Pozdrawiam serdecznie i mam nadzieję, że to co napisałem jakoś uzupełni temat tego postu i nie wywoła zbytniej dyskusji

P.S.
Przepraszam, za tak długi post, ale po prostu chciałem opisać wszystko co uznałem za warte opisania.


- czarny Pablo - 08-12-2007 15:21

Przyznam, że jestem zupełnym ignorantem w tych sprawach. Nie potrafię pewnych rzeczy nazywać po imieniu, ale je widzę. Moja matka cierpiała na pewną chorobę, był (jest) to głęboki problem psychiczny.

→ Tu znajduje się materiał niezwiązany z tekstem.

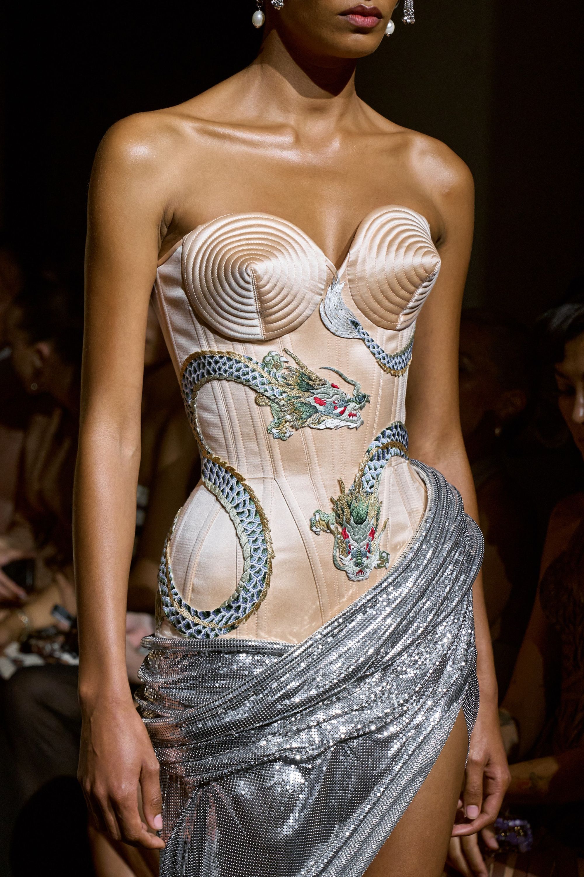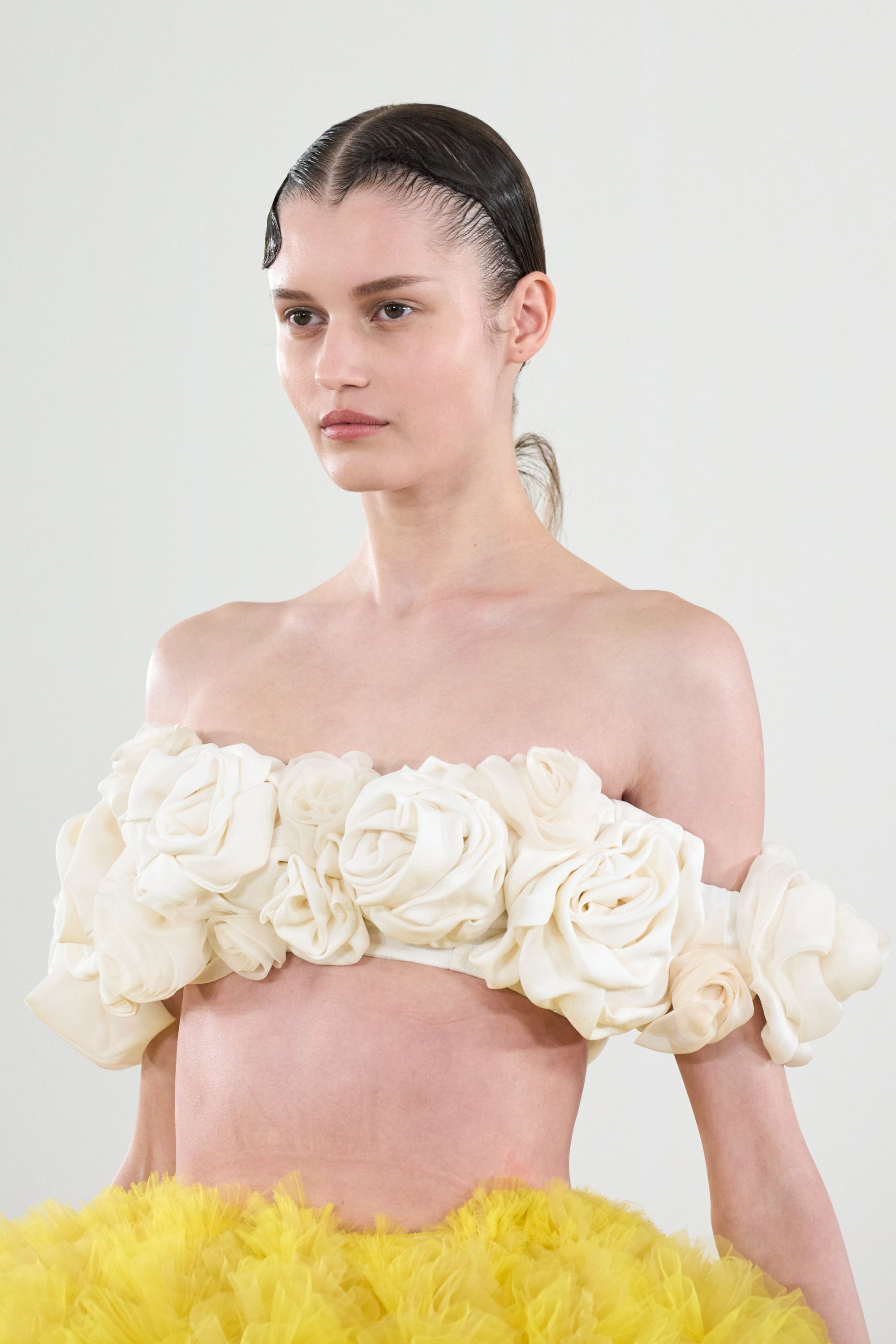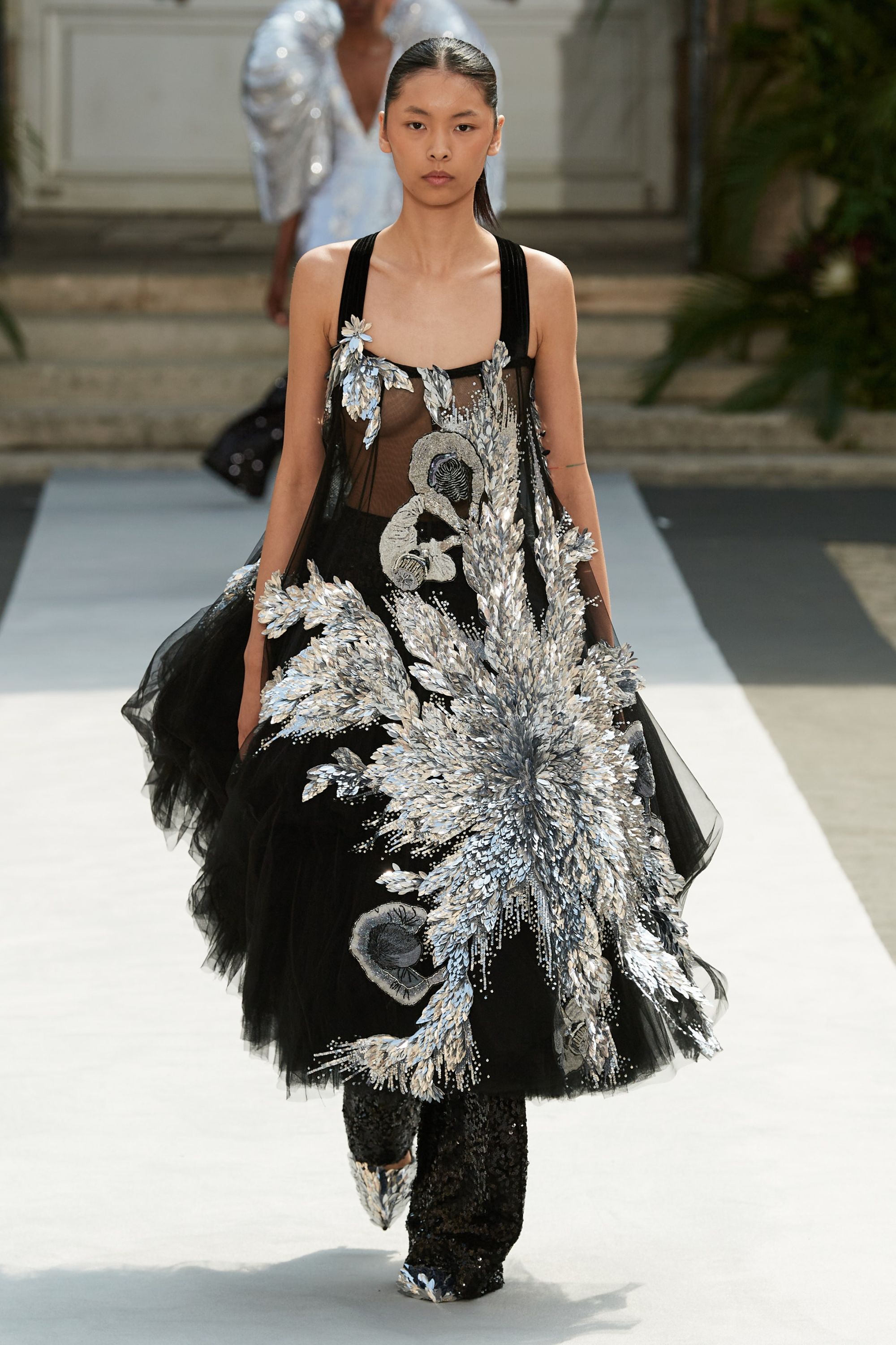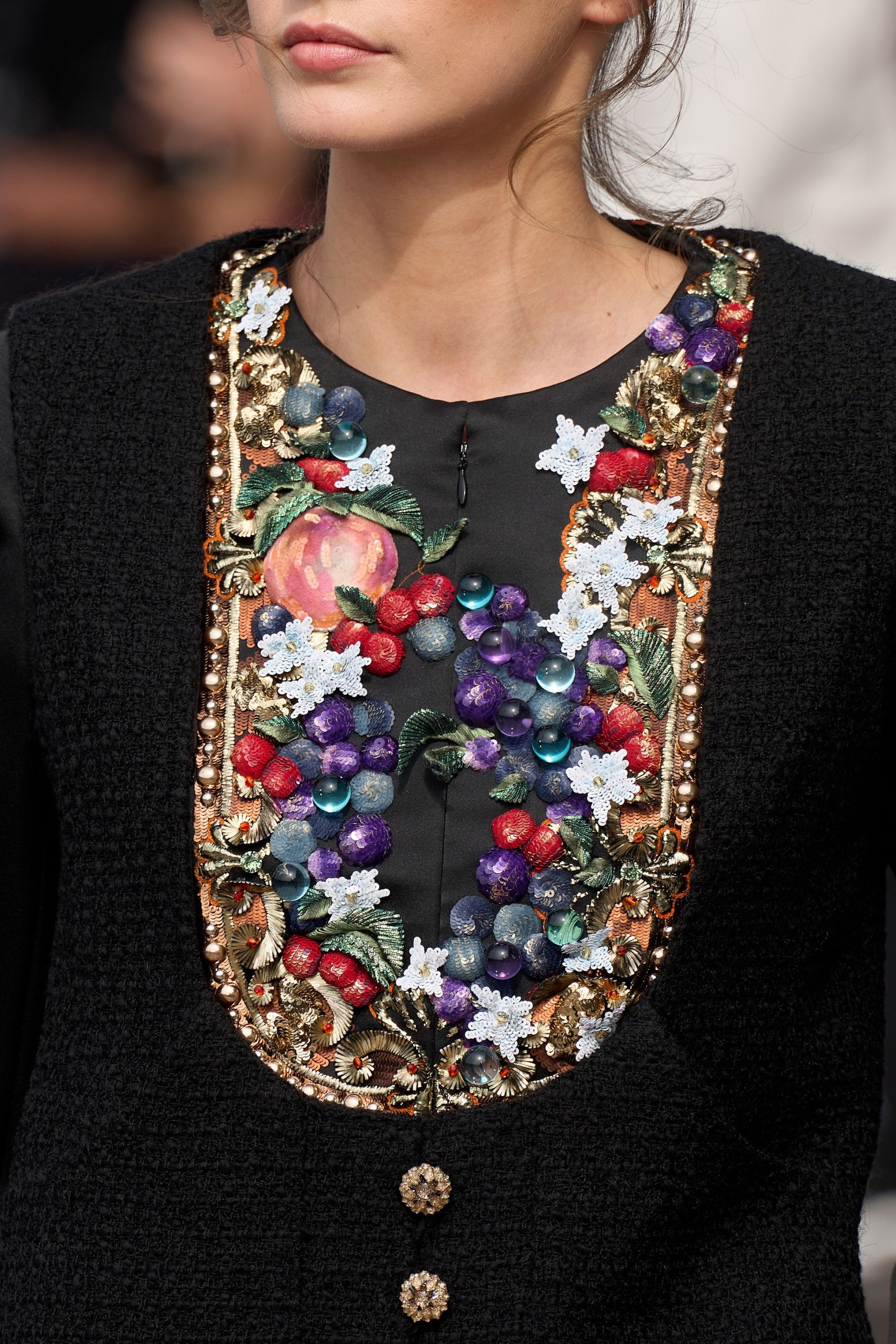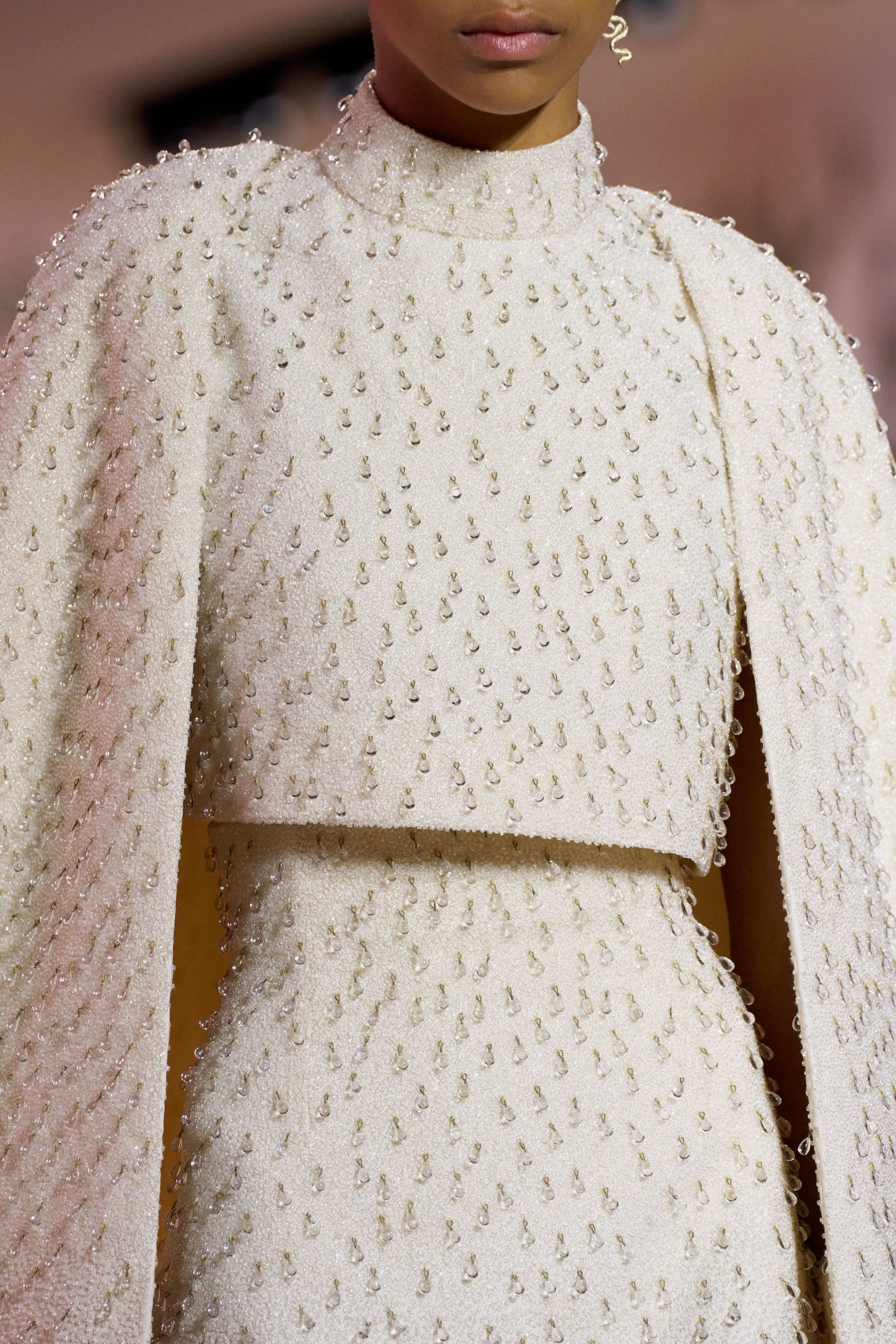 La couture est synonyme de broderie : un élément récurrent de tous les défilés, devenu un thème central pour certaines marques, comme Rahul Mishra, qui s'appuie sur l'artisanat indien pour créer une histoire. Chez Valentino, en revanche, la soie ressemble à du denim grâce à des broderies de microbilles dans des dizaines de nuances de bleu. Ou encore Dior, qui utilise de minuscules perles appliquées à la main pour embellir l'ensemble du vêtement. Les framboises perlées de Chanel sont également étonnantes.

Moja żona namówiła ją do udziału we mszy, którą prowadził kapłan posiadający dar uzdrawiania. Nie mam pojęcia, od czego zależy kto zostanie uzdrowiony, bo moja matka nie jest specjalnie religijna (w kościele bywa w święta). Otóż poddała się ona temu obrzędowi. Modliliśmy się za nią. Doświadczyła tego, co nazywacie "spoczynkiem w Duchu". Wielkie było moje zdziwienie, gdy po dwuch tygodniach ozdrowiała zupełnie i do dziś (a to już pół roku) czuje się świetnie. Czy więc jeżeli objawia się to wobec osoby, która dotąd nieznała tego zjawiska - czy jest to sztuczka, hipnoza? Nie wiem. Wiem tylko, że matka jest zdrowa i Bogu za to dzięki!